This is conditioning imho.  Cardio/ conditioning doesn't have to be done on a treadmill or a bike.  In fact, I feel those forms are trash.  

Also, if you're performing any multi joint, compound movement your goal should always be to accelerate the bar.  If you want to lift big, you gotta move fast.  Move slow and you'll move little weight.

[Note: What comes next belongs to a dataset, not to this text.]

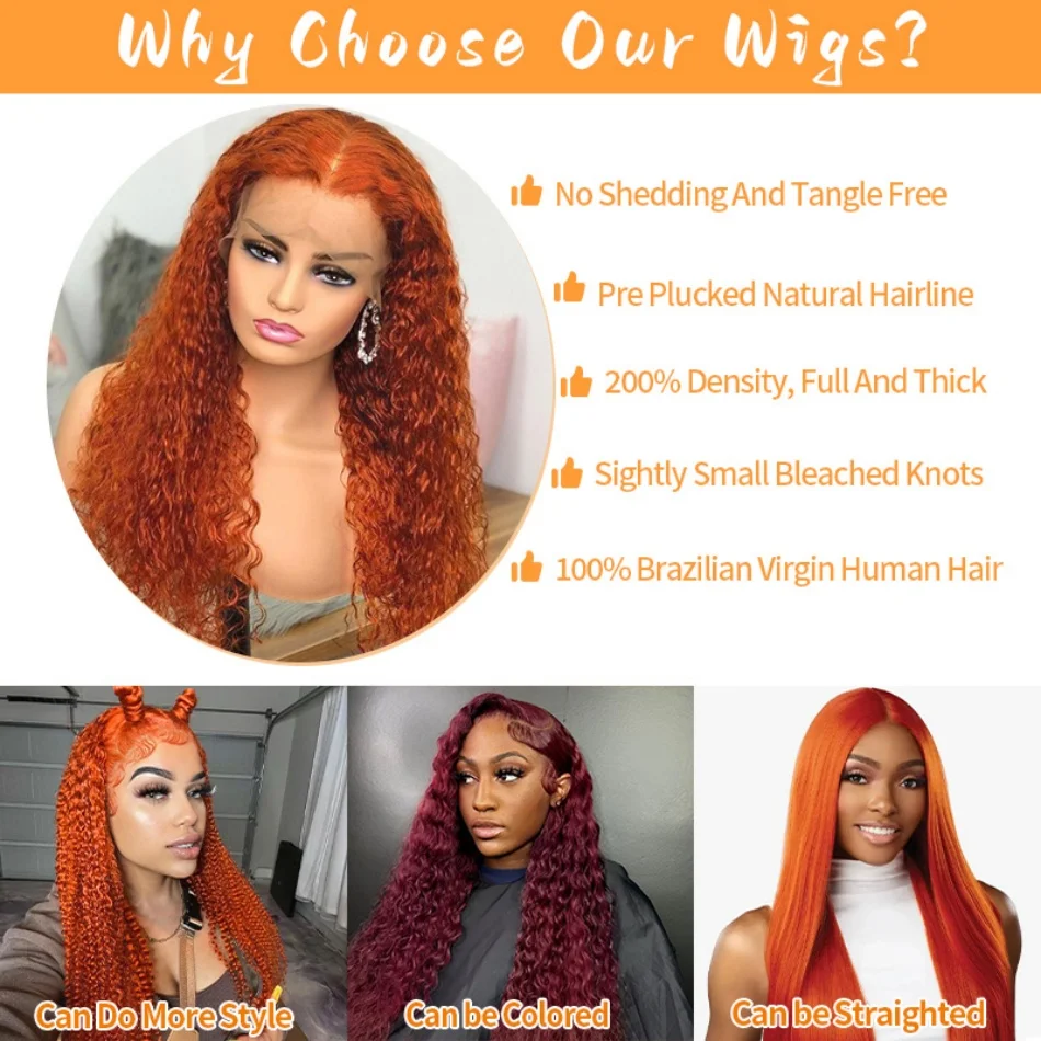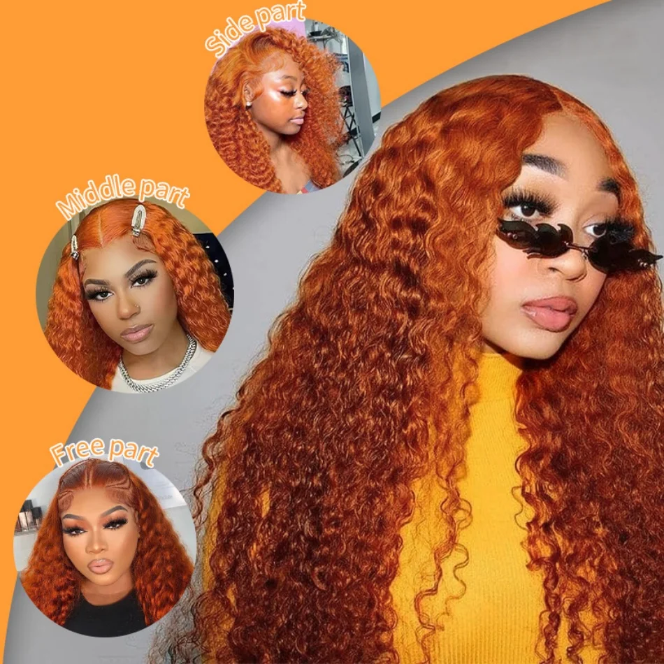 30Inch Orange Ginger Water Wave Lace Front Wigs 13x4 13x6 #350 Colored Wigs 100% Brazilian Human Hair Deep Curly Wigs 260Density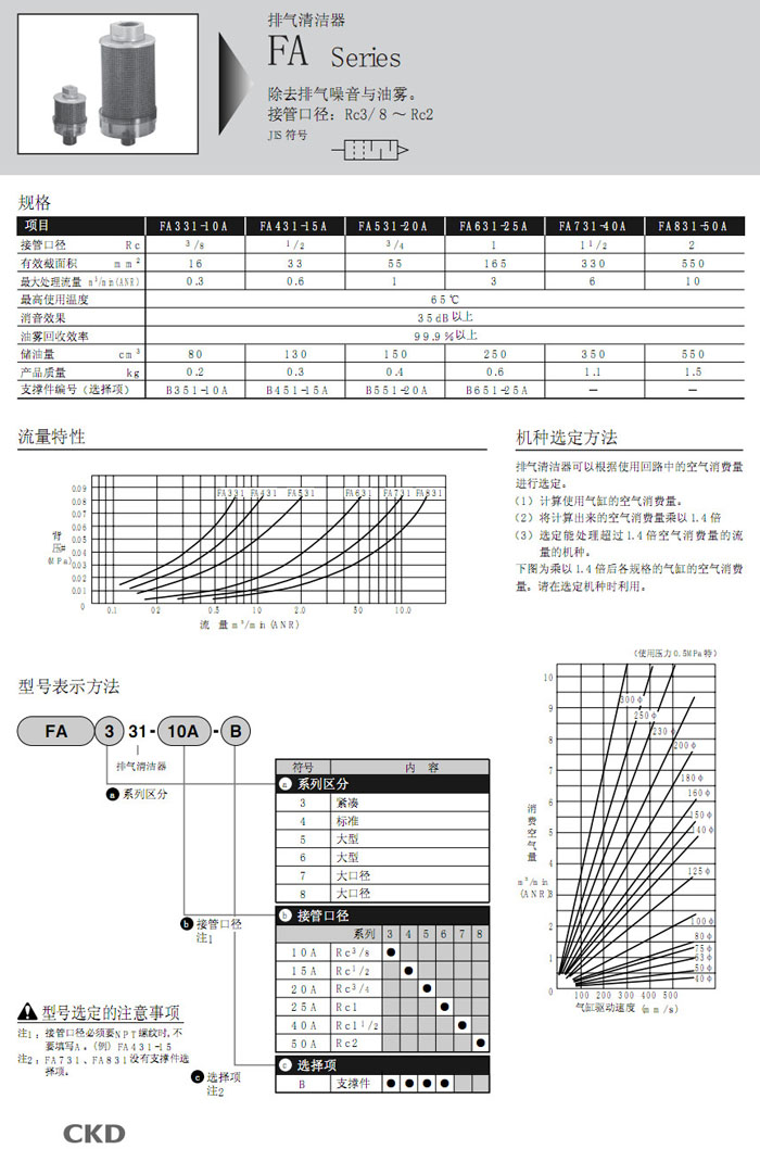 詳細信息 FA331-10A,FA431-15A,FA531-20A,FA631-25A,FA731-40A,FA831-50A,CKD排氣清潔器

Remember Louie Simmons and his focus on F = M x A.  Force = Mass x Acceleration.  You can get stronger by moving heavier weight OR by moving the weight faster.


----------



## Trendkill (Jun 8, 2021)

Maximal strength is all about the CNS. It’s why heavy singles are so important in training. The recruitment of muscle fibers and the coordination of multiple muscle groups during a max lift is all managed by the CNS. Google intermuscular and intramuscular coordination. If you really want to understand it read Zatsiorisky’s “science and practice of strength training”. He goes into the role of the CNS in depth and the importance of consistently training using ones training level of arousal as opposed to competition level arousal. It’s fascinating stuff. He’s book I’ve ever read on the topic.


----------



## Steeeve (Oct 18, 2021)

Compensatory Acceleration Training: Maximizing Each Rep, Each Set
					

Live, Learn, Pass on...




					www.elitefts.com
				




You'd likely find Hatfields CAT style interesting as well


----------



## Worf (Nov 3, 2021)

Heavy singles, train how you compete


----------